Но в этом не было настоящего сценического действия, не было подлинной жизни и политической страстности. Каждая отдельная сцена в суде должна была стать событием, а не только диалогом. Фашистский суд направлял тот или другой факт в ходе процесса в сторону обвинения Димитрова, Димитров находил в этом факте грани, которые поворачивали его против нацистов, и он обрушивался на их голову... Я искал сюжет каждого куска и физические действия, отвечавшие этому сюжету. В такой внешне статичной сцене, как судебное заседание, это было нелегко.
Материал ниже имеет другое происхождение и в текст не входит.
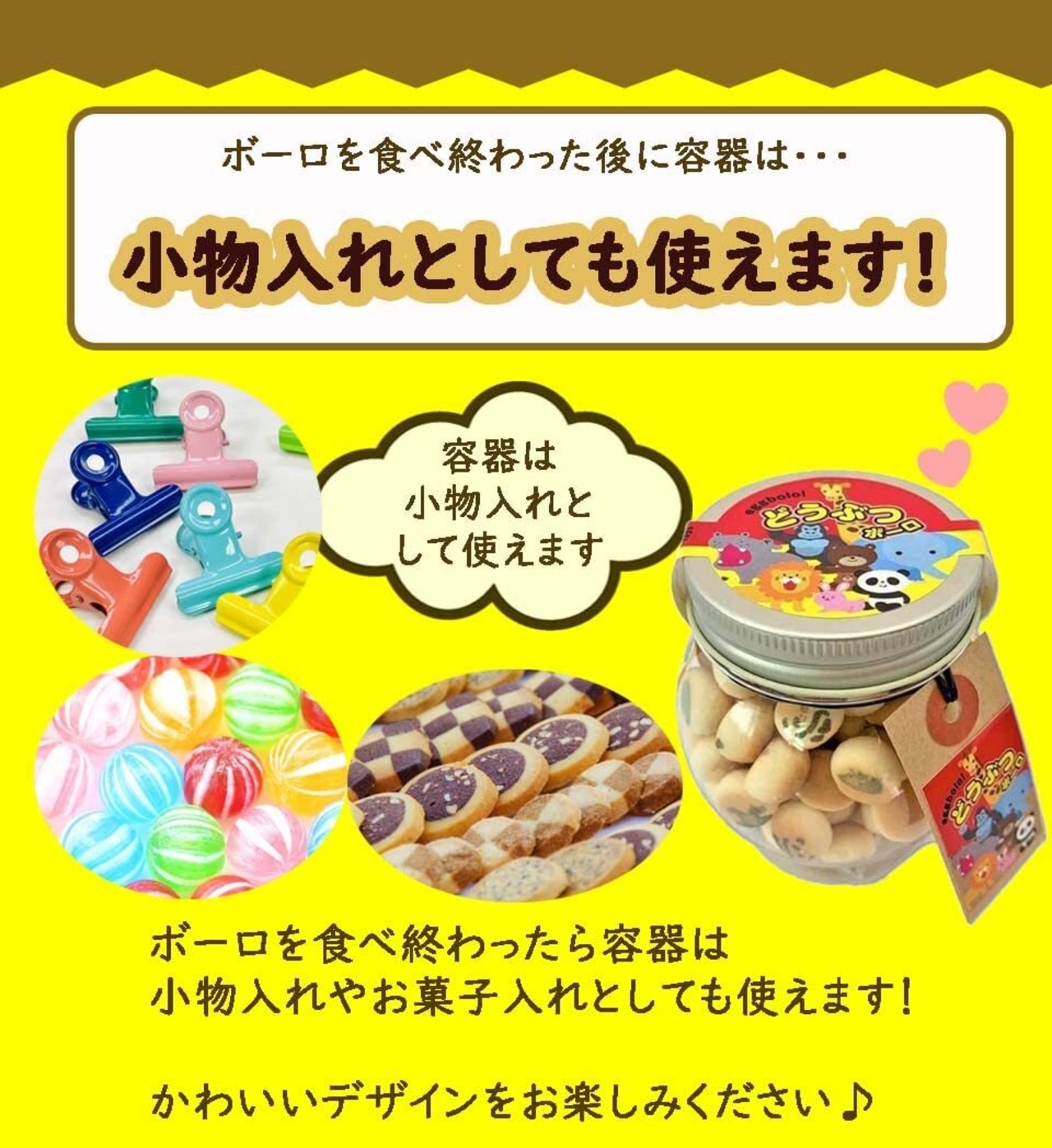 ボーロを食べ終わったら容器は小物入れやお菓子入れとしても使えます! かわいいデザインをお楽しみください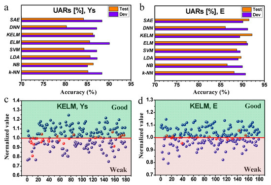 Results of ML models training and evaluation. The results (UARs in [%]) of eight ML models on the task of (a) yield stress, and (b) Young’s modulus. The UARs shown for the dev set are the best UARs achieved by the optimal hyper-parameters tuned for the corresponding model. The UARs shown for the test set are the final performance achieved by the model trained by the train plus dev sets within the optimal hyper-parameters. Prediction result of the 180 non-equiatomic samples on the test set by KELM model for (c) yield stress, and (d) Young’s modulus. The red line is the benchmark line based on the value of the equiatomic sample, the results of non-equiatomic samples are normalised to the benchmark value, where the values above the line are classified to the ‘Good’ zone, and those below the line are classified to the ‘Weak’ zone. If the ML prediction matches the MD simulation, the point is coloured blue, but otherwise the point is coloured red.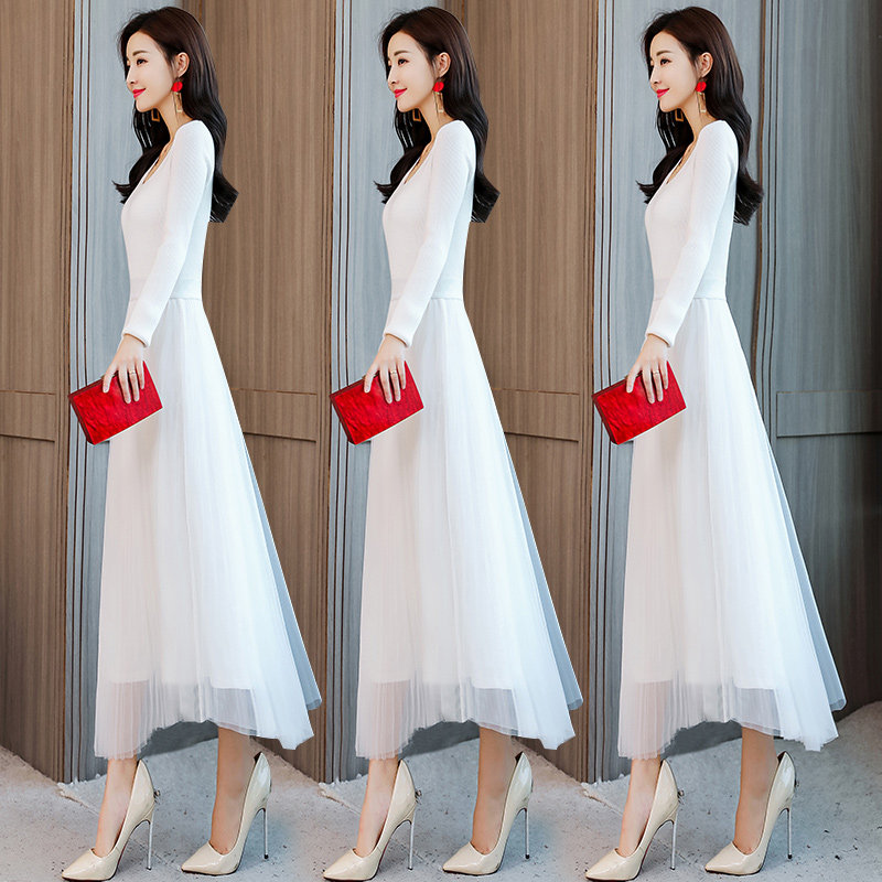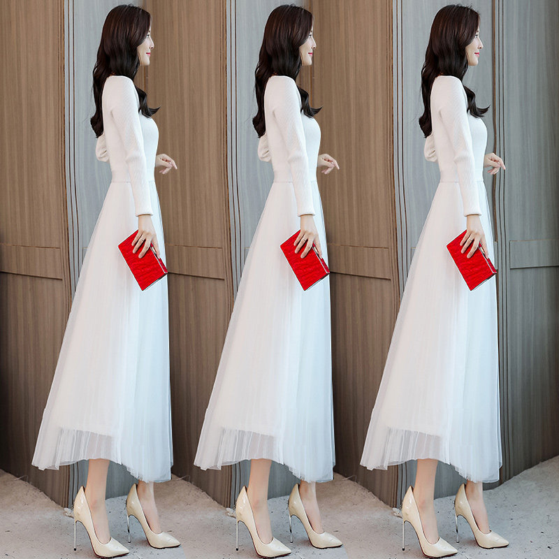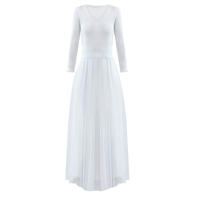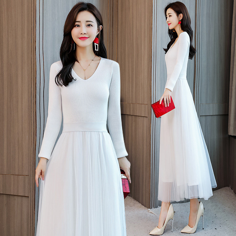 白色针织连衣裙v领长袖秋冬2026新款网纱裙子秋装打底毛衣长裙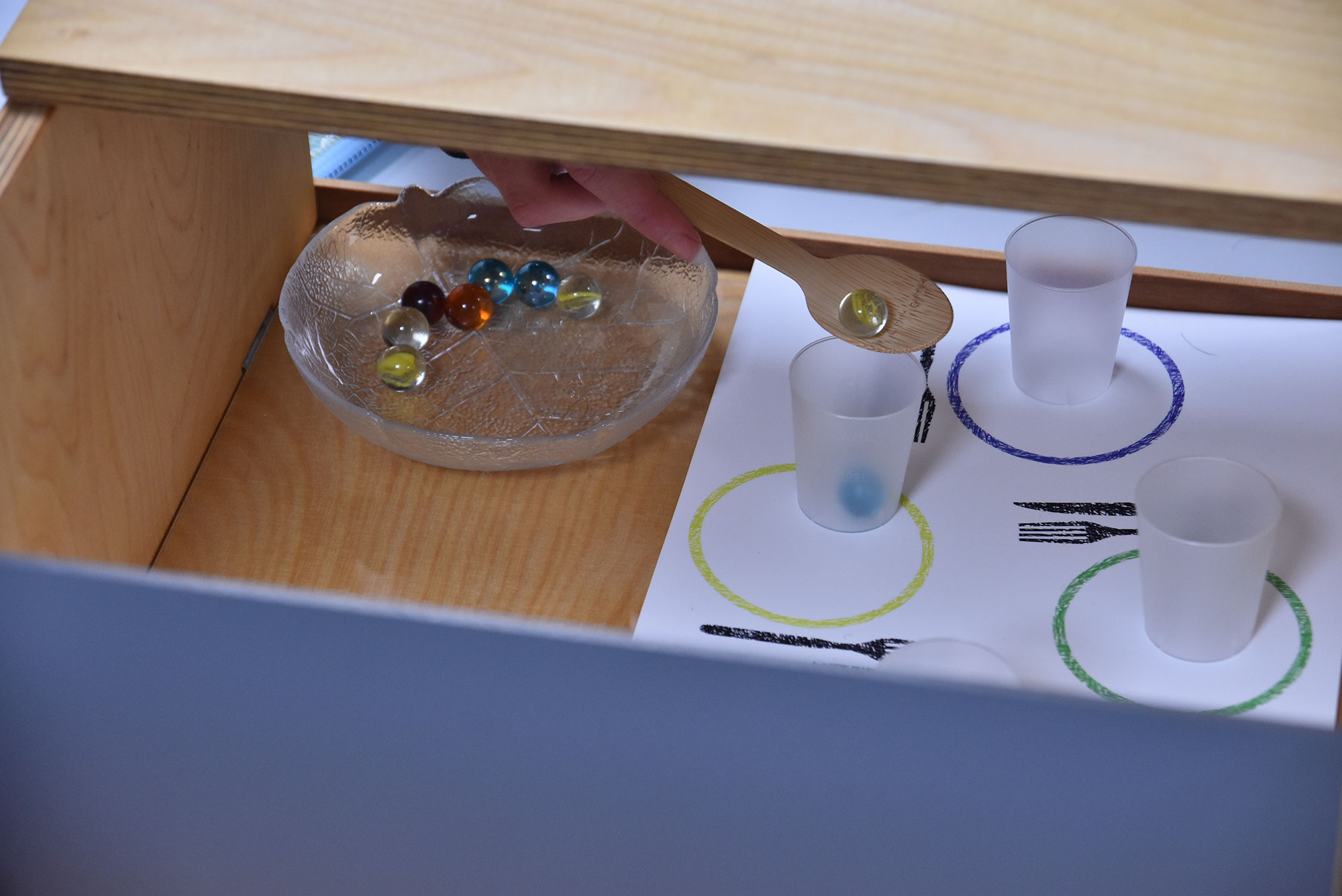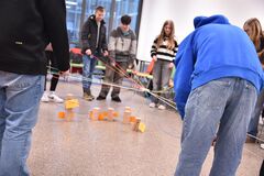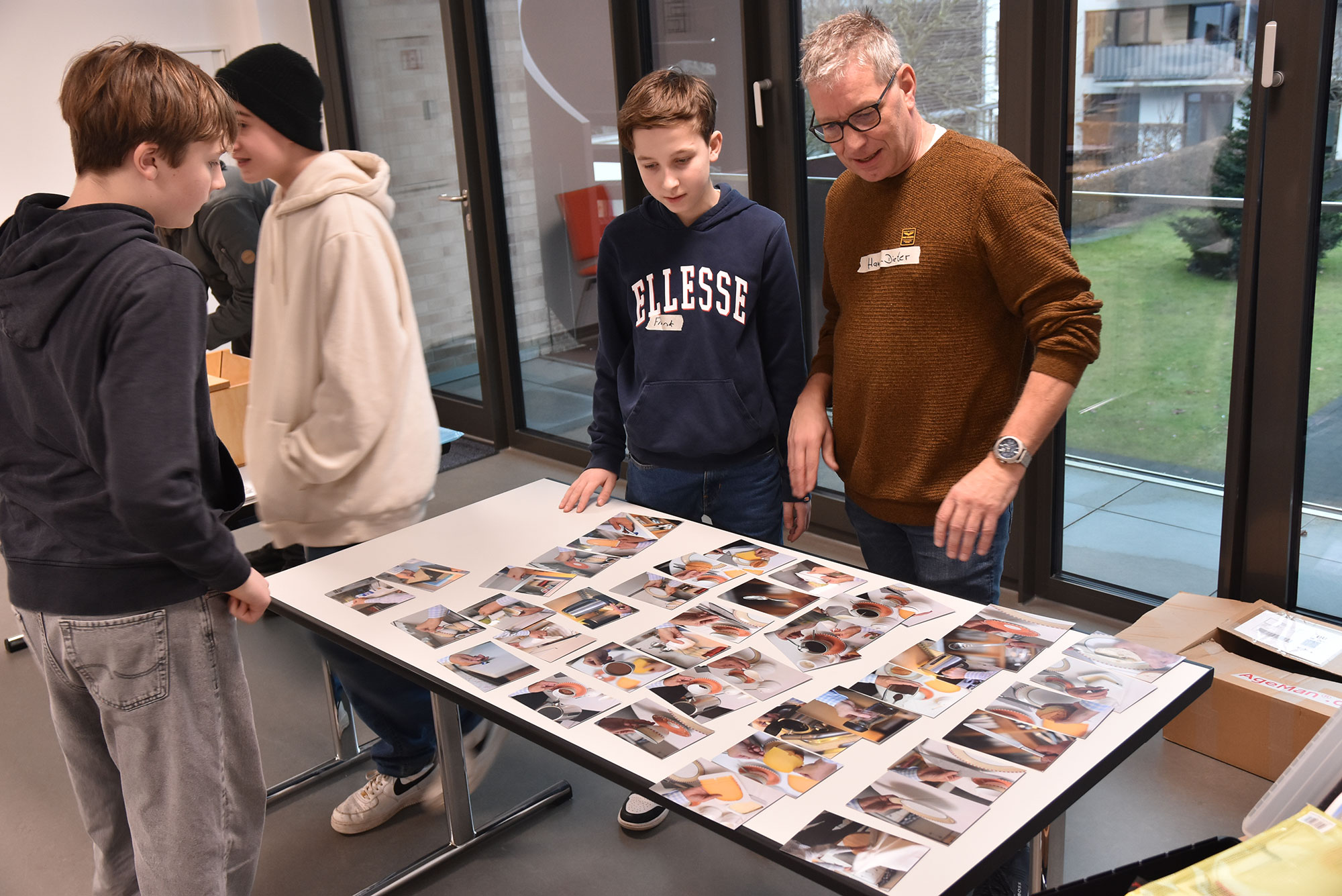 Ebenso beschwerlich wie eindrücklich waren die Versuche der Konfirmand:innen, leichte Geschicklichkeitsübungen unter erschwerten Bedingungen zu koordinieren. Zum Beispiel mit Handschuhen einen Kittel zuzuknöpfen, oder mit Messer und Gabel zu hantieren, wenn die Sicht erschwert ist. Wenn altersbedingt Konzentration, Koordination und Geschwindigkeit nachlassen, kann selbst das Zubereiten vom morgendlichen Frühstück eine längere Aktion werden, das zeigte ein Fotosuch- und Erinnerungsspiel.

Я искал для исполнителей роли Димитрова объект общения. Этот объект был, по сути дела, за стенами имперского трибунала в Лейпциге. Этим объектом было все прогрессивное человечество, этим объектом были "пролетарии всех стран". Им должен был рассказать Георгий Димитров об истинных поджигателях рейхстага, перед ними должен был он разоблачить позорную сущность фашистской идеологии. В решении этой труднейшей задачи Аспаруху Темелкову, кроме режиссера, пришли на помощь прежде всего его убеждения и взгляды старого коммуниста. Он нашел правильный адрес, в который должен был направить свой пламенный темперамент, свою политическую страсть, свою собственную убежденность.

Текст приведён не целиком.